Вынужденный из материальных соображений служить, писатель выполняет обязанности цензора Петербургского цензурного комитета, редактора правительственной газеты «Северная почта», члена совета министра по делам книгопечатания. В 1867 г. он выходит в отставку.

В 70—80-е годы Гончаров, не чувствуя сил для реализации замысла четвертого романа, «захватывающего и современную жизнь», обращается к жанру очерка и мемуаров.

Гончаров считал роман жанром, который занял ведущее место в современном обществе, с его «скрытым механизмом», «тайными пружинами», господствующей прозаичностью. В этих суждениях Гончаров опирался на Белинского.
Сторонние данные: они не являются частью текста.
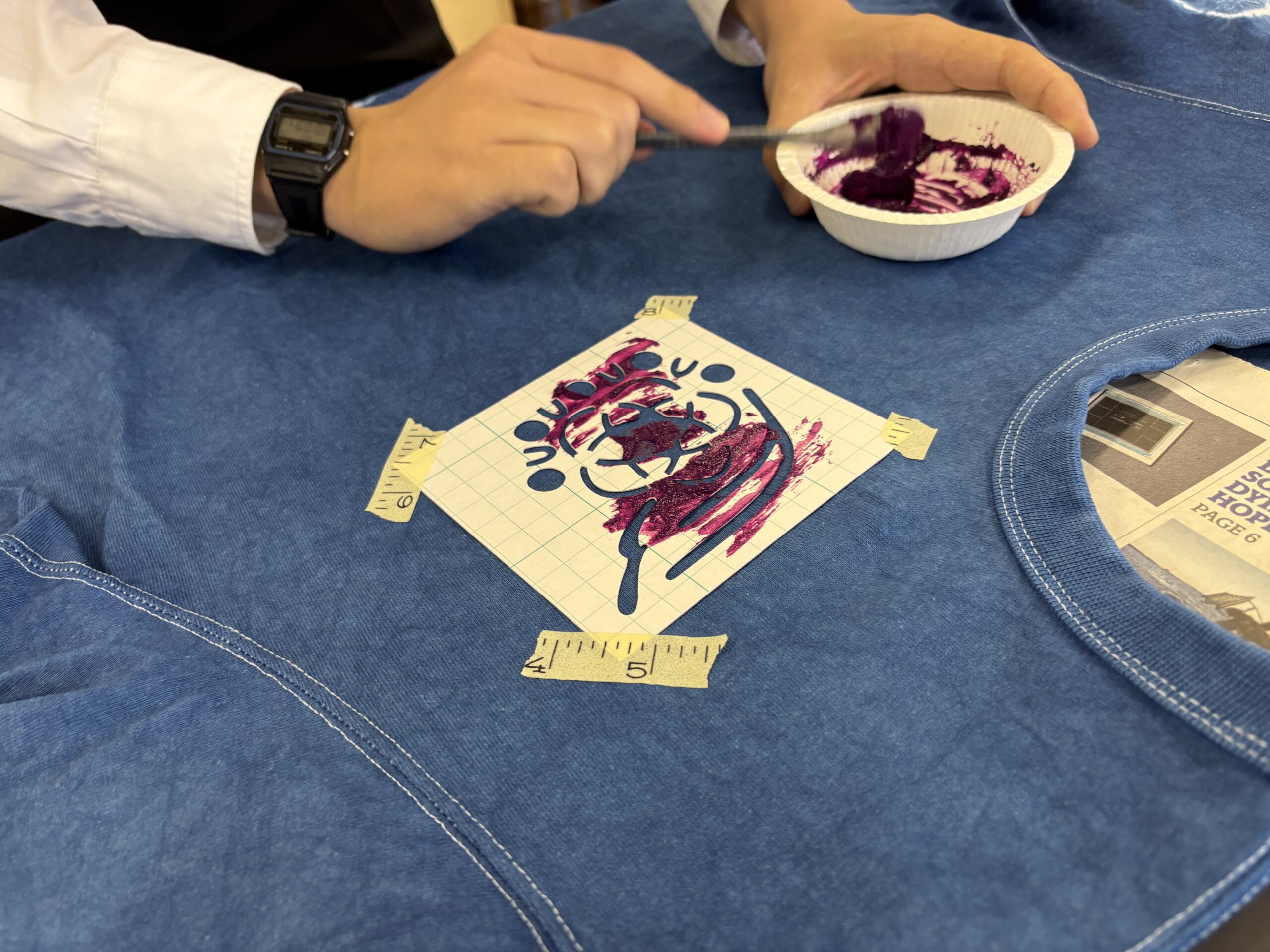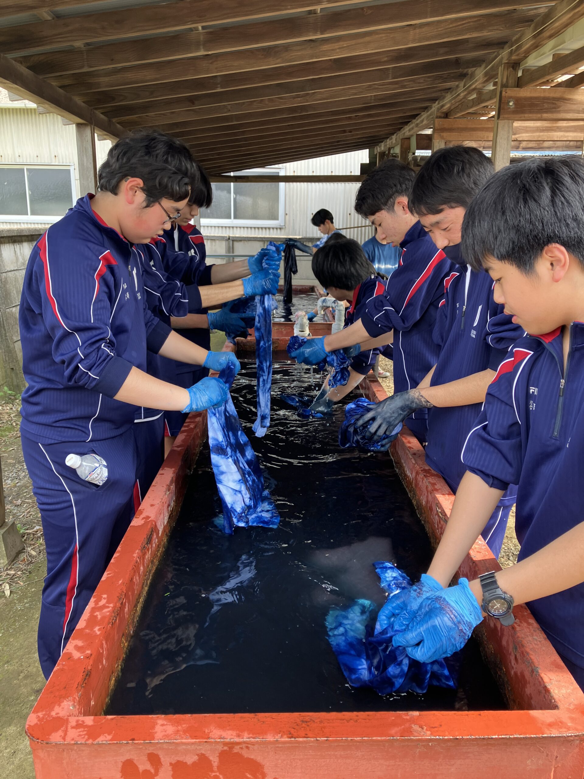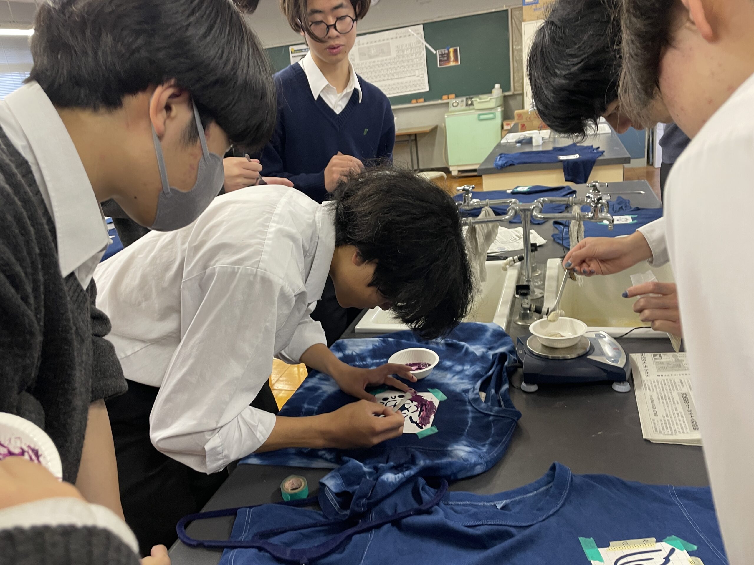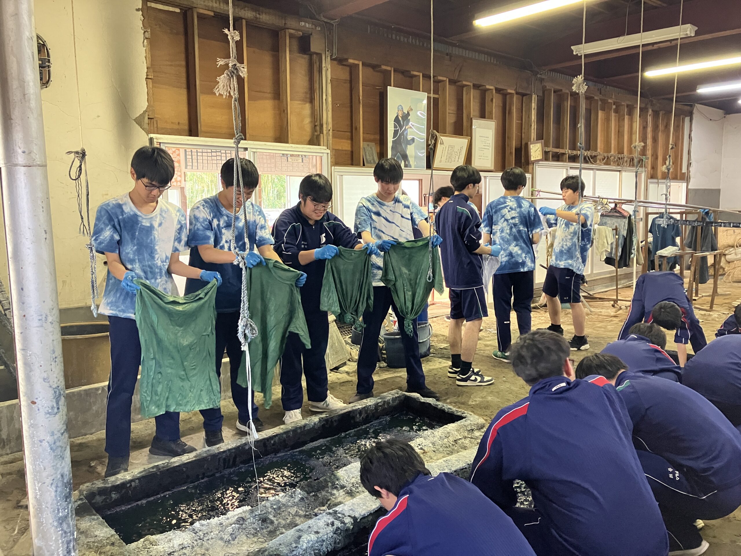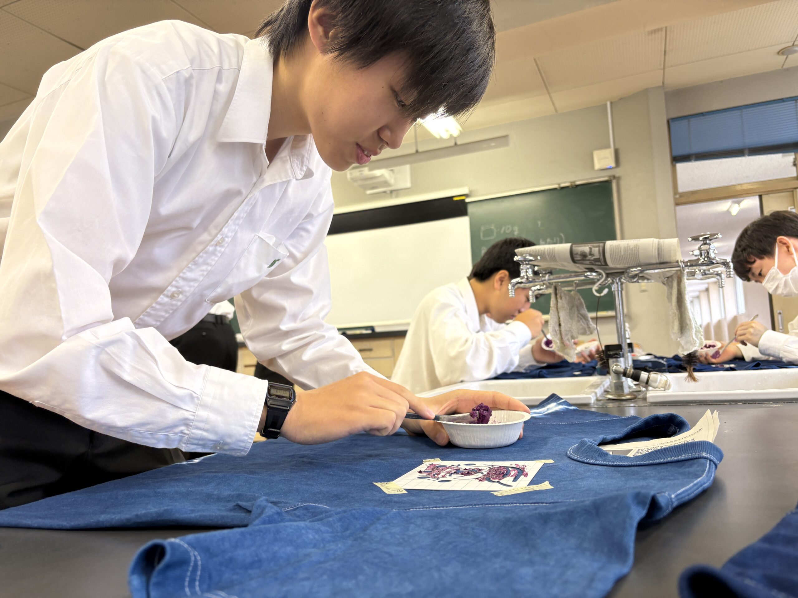 今年のフロンティアコースの3年生たちは、新たな試みに挑戦しました。それが「抜染(ばっせん)」という技法です。抜染とは、染め上げた布地の一部を化学的に脱色し、模様や文字を浮かび上がらせる伝統的な染色技法のひとつ。あえて“色を抜く”ことで、藍の深みの中に新たな表現が生まれます。

Мысль о прозаичности современного писателю мира раскрывается уже в заглавии первого гончаровского романа: история обыкновенная, а не героическая, не высокая. Гончаров чутко улавливает всемирно-исторический по своему масштабу процесс смены патриархально-феодального уклада и строя жизни с его узкими, но непосредственно-личными общественными связями (отсюда и известная «поэзия», человечность прежнего бытия) укладом качественно иным (объективно — буржуазным), отмеченным широтой, но безличностью, опосредованностью (товаром, деньгами) человеческих отношений, их с традиционной точки зрения антипоэтичностью.

В «Обыкновенной истории» этот момент схвачен в самой экспозиции. С молодым представителем патриархального уголка (поместье Грачи), выпускником университета Александром Адуевым читатель знакомится в тот переломный для него день, когда герою «стал тесен домашний мир»: его неодолимо «манило вдаль», в жизнь «нового мира». «Он принадлежал двум эпохам», — сказано о слуге Обломова Захаре («Обломов»), и это с полным основанием можно отнести к самому Илье Ильичу, живущему уже в Петербурге, но духовно не порвавшему и с патриархальной Обломовкой. Героем переходного времени задуман романистом и художник Райский — центральный персонаж «Обрыва».

Современники перевала истории, герои Гончарова и сам художник объективно поставлены либо перед выбором между старым и новым укладами, либо перед поиском еще неясной и трудноуловимой будущей «нормы», идеала взаимоотношений личности с обществом, общежития, в равной мере отвечающего как прозаическому складу новой действительности, так и лучшим, вечным потребностям индивида. Если некоторые герои Гончарова (Петр и Александр Адуевы, Обломов в конечном счете) не идут далее простого выбора, то сам романист свою задачу видит в отыскании и художественном воплощении новой поэзии, нового нравственно-эстетического идеала и положительного героя, по-своему отвечая на кардинальный вопрос современности: как жить, что делать?